THE PROBLEM:
An exact, complete printout of the listing is wanted, minus its images.

RECORDED DATA:

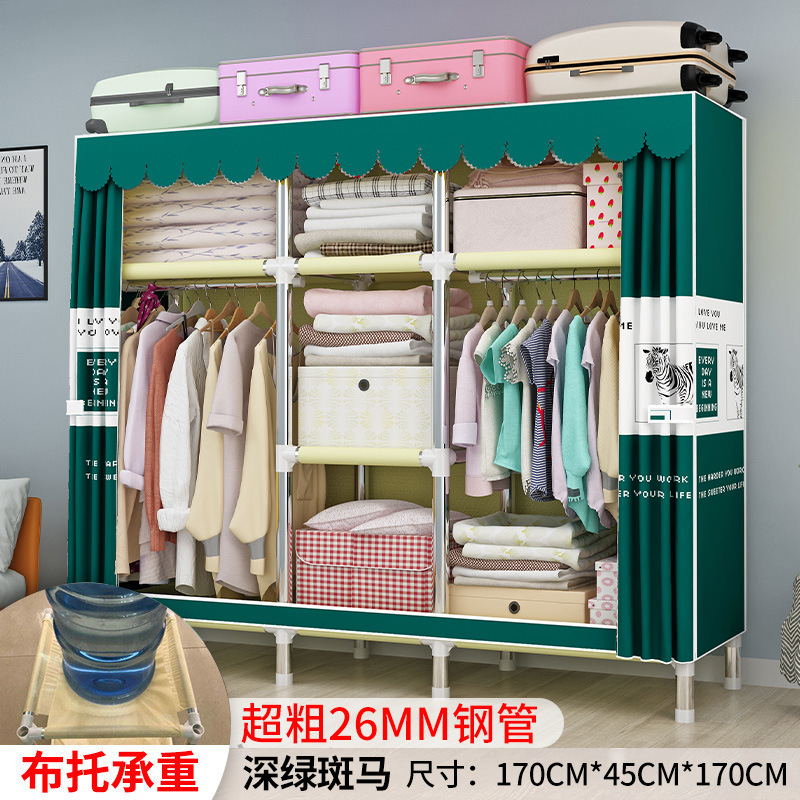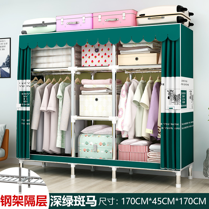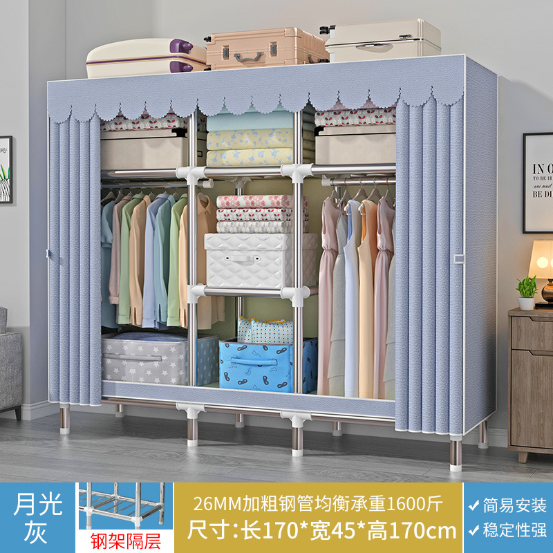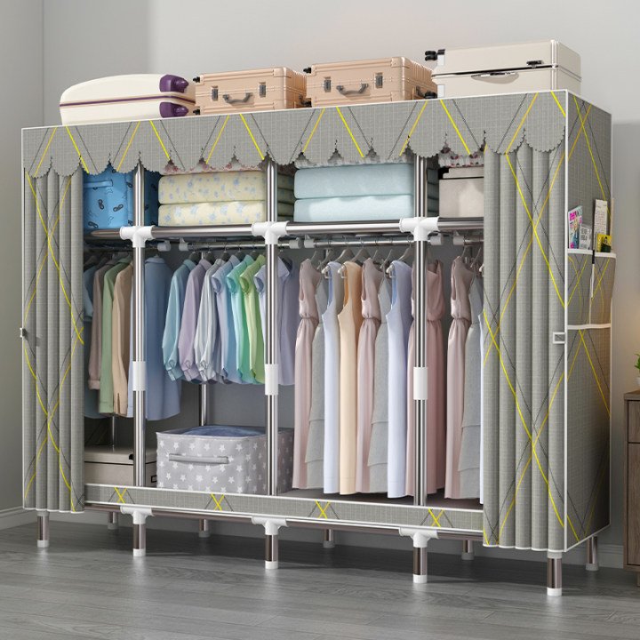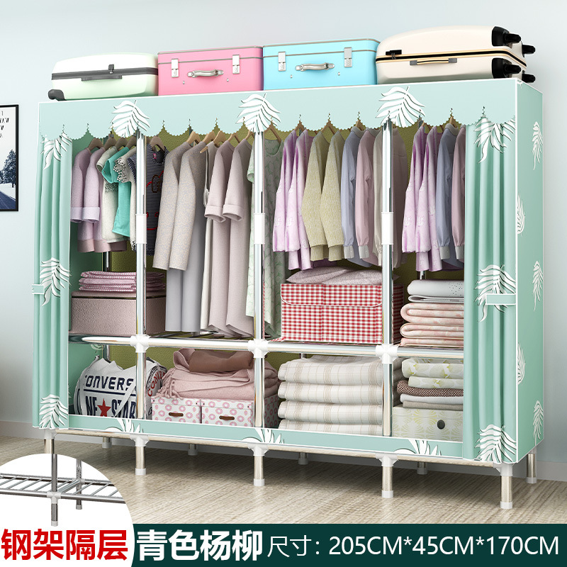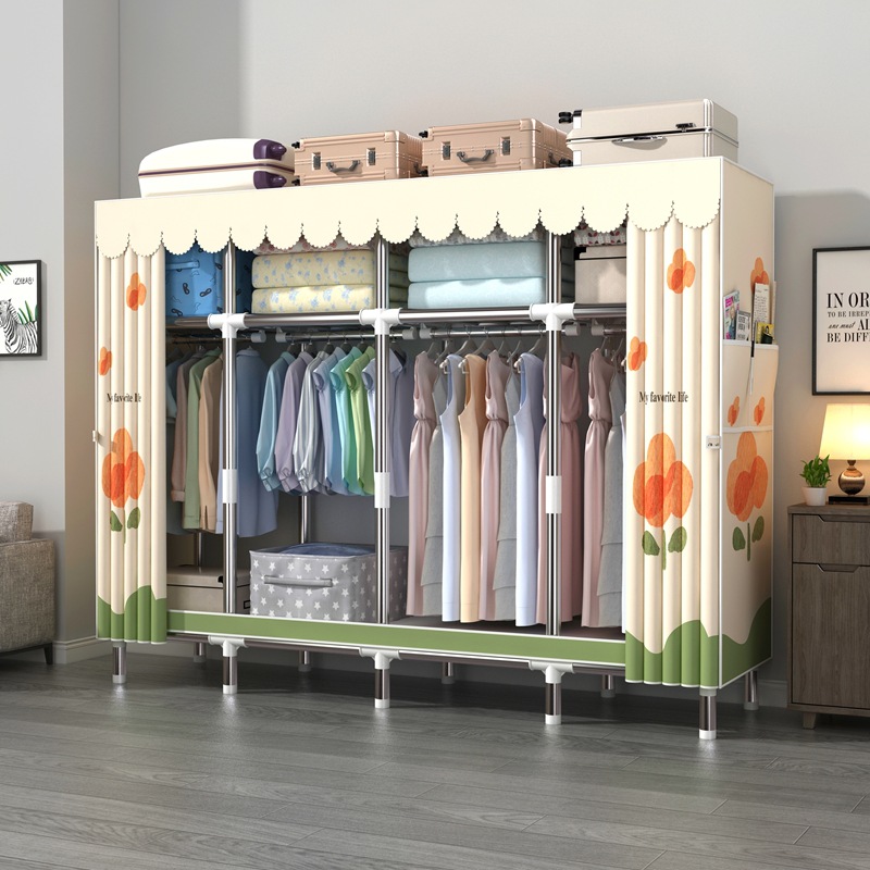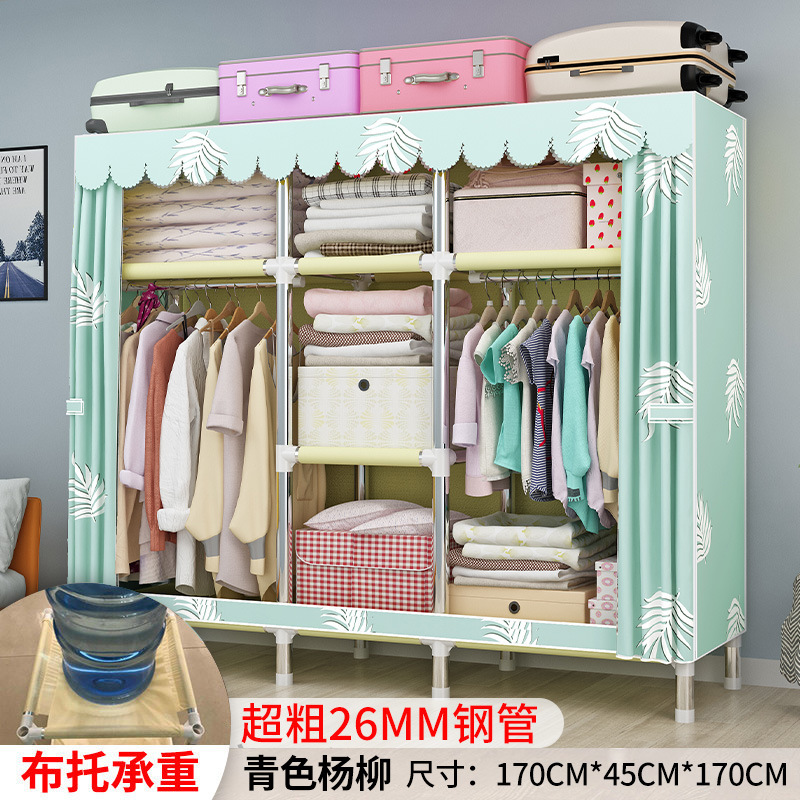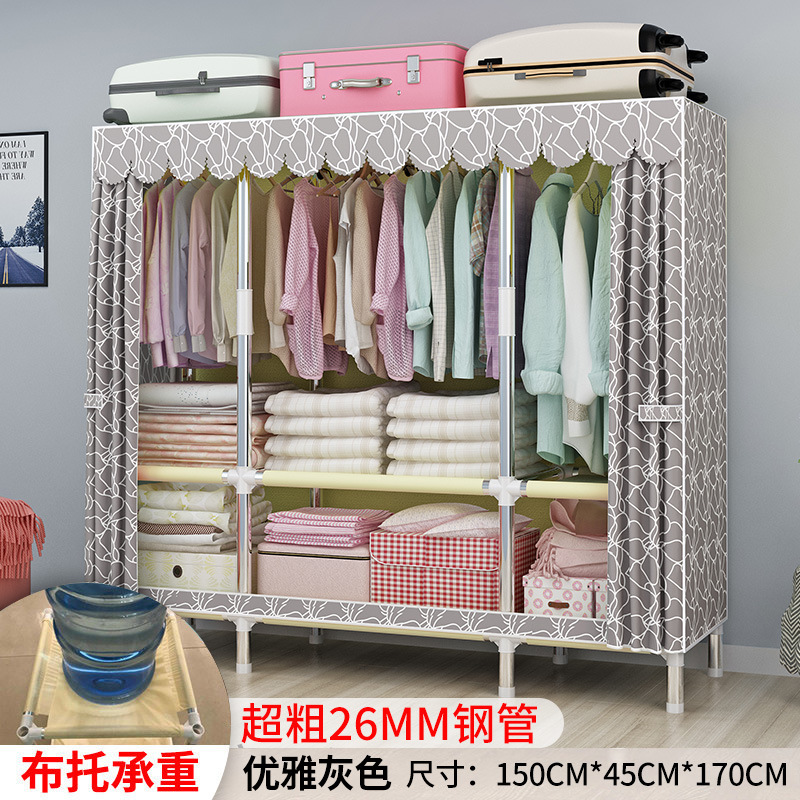간단한 옷장 강철 파이프 대담한 강화 임대 룸 수납 옷장 패브릭 어셈블리 폴리 에스터 면 옷장 홈 침실스토어 가기
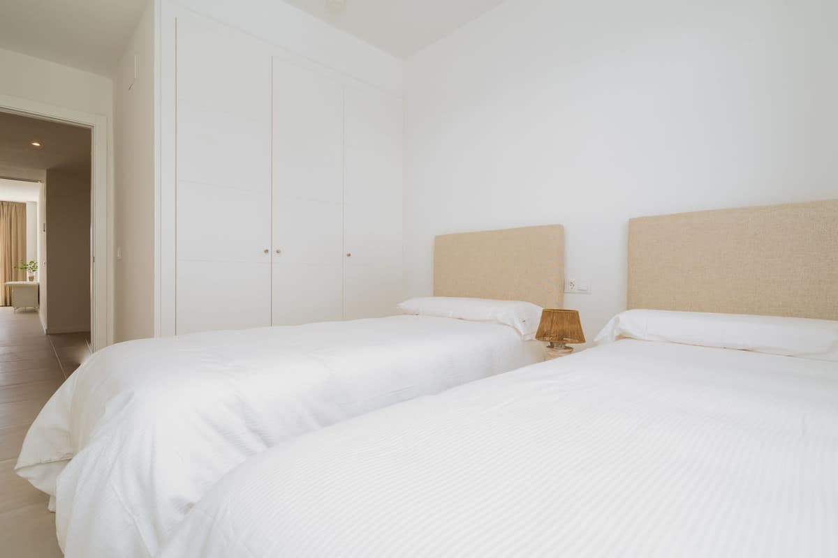 Situated on the 1st floor, this bright and airy apartment boasts a spacious living room with an open, fully equipped kitchen, leading to an East-facing terrace with partial sea views. The two generous double bedrooms are West-facing, offering lovely views of the garden and pool.
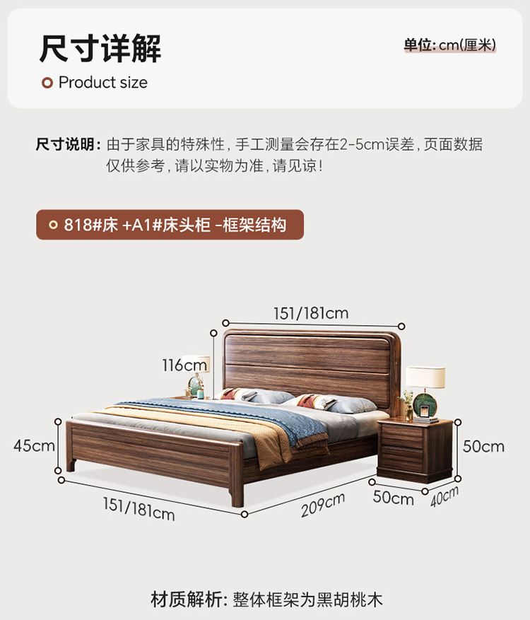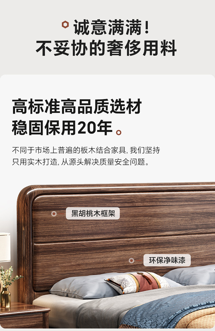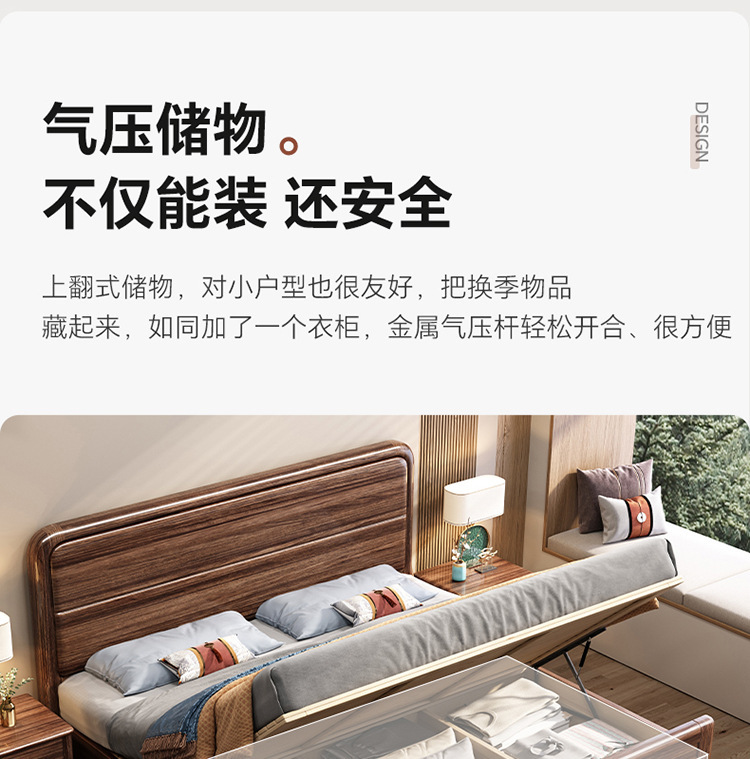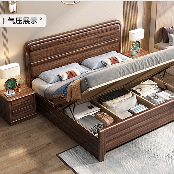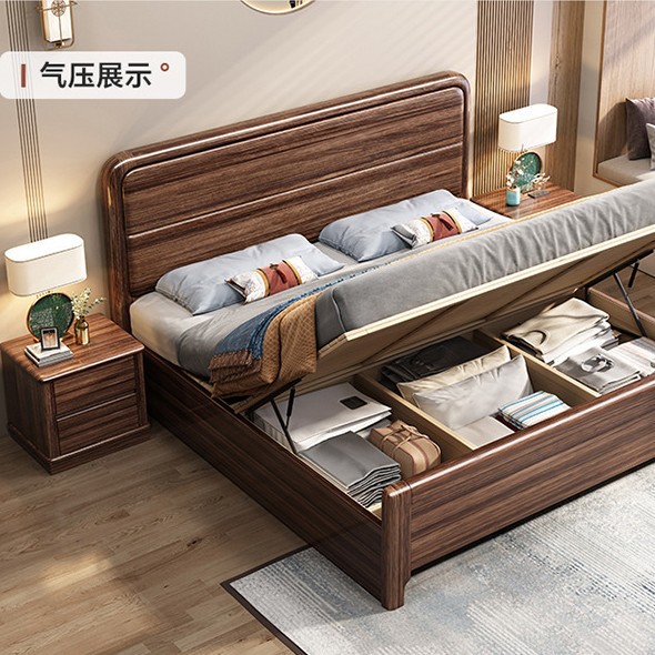 작은 가족 침실을 위한 검은 호두나무 원목 침대 1.5m 침대 가볍고 고급스러운 분위기의 하이박스 수납 1.8m 마스터 침실 웨딩 침대스토어 가기

ANSWER BOX:
간단한 옷장 강철 파이프 대담한 강화 임대 룸 수납 옷장 패브릭 어셈블리 폴리 에스터 면 옷장 홈 침실스토어 가기
 Situated on the 1st floor, this bright and airy apartment boasts a spacious living room with an open, fully equipped kitchen, leading to an East-facing terrace with partial sea views. The two generous double bedrooms are West-facing, offering lovely views of the garden and pool.
 작은 가족 침실을 위한 검은 호두나무 원목 침대 1.5m 침대 가볍고 고급스러운 분위기의 하이박스 수납 1.8m 마스터 침실 웨딩 침대스토어 가기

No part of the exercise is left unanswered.